Why still deliver junk mail?

Submitted by AWL on 7 April, 2020 - 8:03 Author: A postal worker
Postal workers on strike in Alloa, Clackmannanshire, over junk mail and safety

Postal workers on strike - maintaining social distancing on the picket line - in Alloa, Scotland, over workplace safety and having to deliver junk mail (March 2020)


The atmosphere in the workplace is strange. You can feel how on edge people are. There are markedly fewer workers in. I think between 50-60 people are off work. Non-driving staff were told not to come in, and people with underlying health conditions were told not to come in. However, some managers were coming in on Sundays, and were trying to get workers to come in on Sundays too to deliver backlogs of mail that had built up through the week.

The provision of Personal Protective Equipment in the workplace hasn’t been great. No hand sanitiser was available; you had to go all the way down into the basement to wash your hands.

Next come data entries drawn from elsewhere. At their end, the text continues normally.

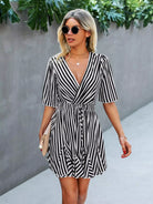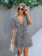 Striped Tie Front A-line Dress
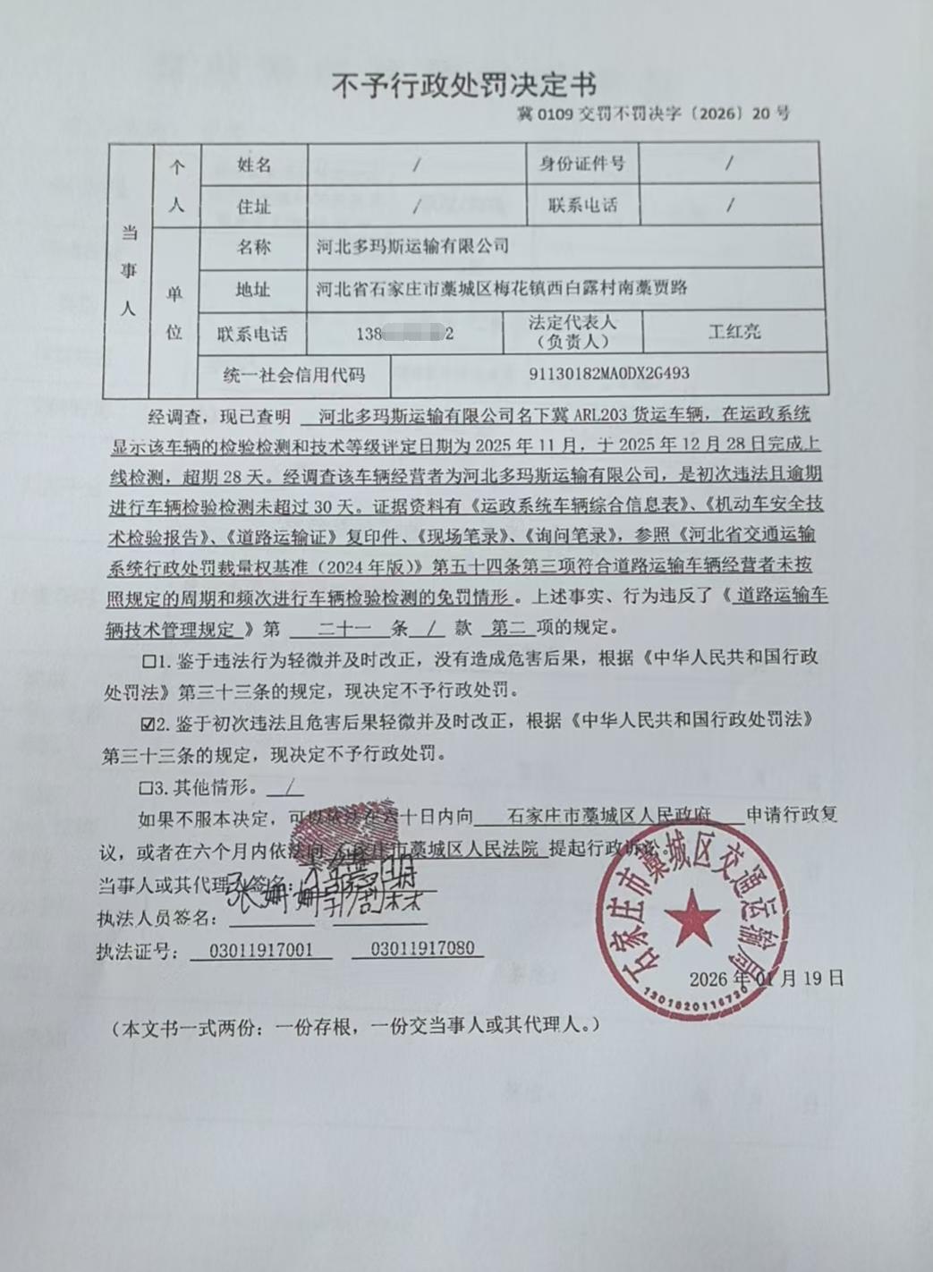 | 河北多玛斯运输有限公司 | 法人 | 91130182MA0DX2G493 | 卢士伟 | 身份证 | 130182********2914 | 冀0109交罚不罚决字〔2026〕20号 | 《道路运输车辆技术管理规定》第二十一条第二项 | 河北多玛斯运输有限公司名下冀ARL203检验检测的案 | 不予处罚 | 2026.1.19 | 藁城区交通运输局 | FA06-002-15 |
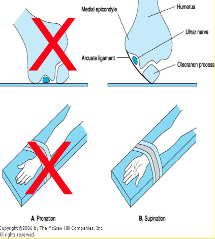 Prevented by positioning arms in supination. Hypotension increases the risk.
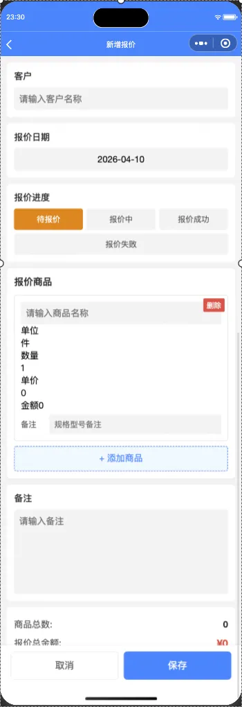 这个小程序的报价单功能支持直接导出成图片,格式规整,有表头、有明细、有合计,发给客户不丢人。
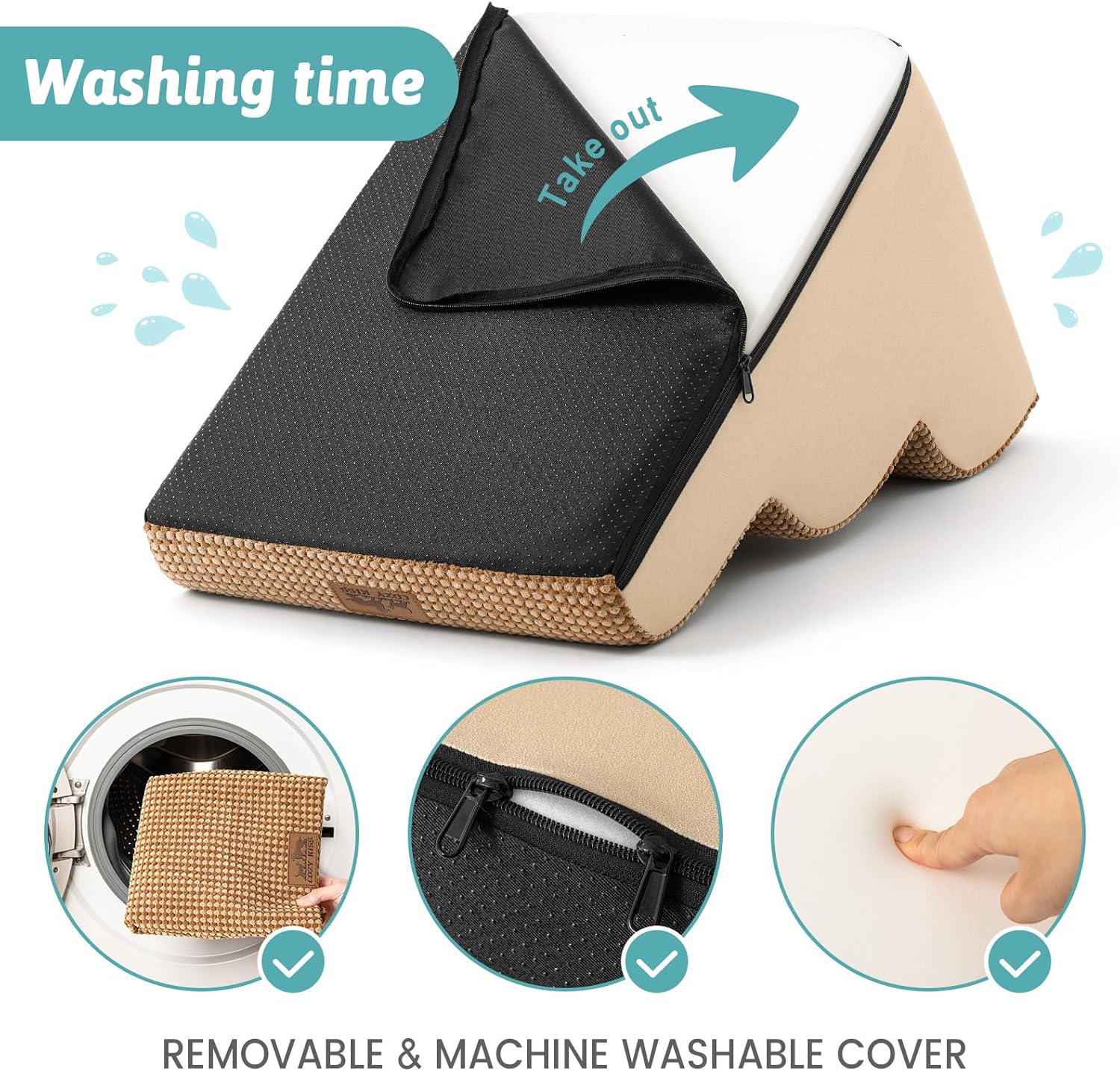 • Лесно сглобяване или почистване: За лесно транспортиране, стълбите за кучета се закупуват във вакуумно компресирана опаковка. След отваряне на вакуумната опаковка, покрийте с непромокаемо покритие. След 48 часа пълно засмукване на въздух, стълбите се връщат в първоначалната си форма. Изчакайте формата да се възстанови. Промокаемото покритие може да се пере в пералня или на ръка. Забележка: Моля, не перете гъбата.

Distancing has been possible, due to the reduced numbers of workers in the workplace. But what happens when people start returning from self-isolation?

The difficulty of safely distancing in the workplace was one of the issues in a recent wildcat strike at an office in Kent, one of three walkouts that have taken place recently. Nationally the union is demanding staggered shifts, to reduce the numbers in the workplace and the amount of days people need to come in.

The demand not to have to deliver non-essential, non-personal mail, such as advertising circulars or takeaway menus, which was also taken up by the unofficial walkouts, has a lot of grip. That mail is delivered “door-to-door”, to every house on your route, so is already greatly resented for adding weight to our bags and more time to the walk.

I was disappointed by our national union leadership’s apparently unconditional refusal to call any action from our ballot mandate, and the demand to be designated an “emergency service”, without securing any concessions from the employer.

We need to make sure demands about not delivering junk mail; PPE provision; and safe distancing in the workplace are now raised nationally, and, wherever possible, that action is taken to win them locally.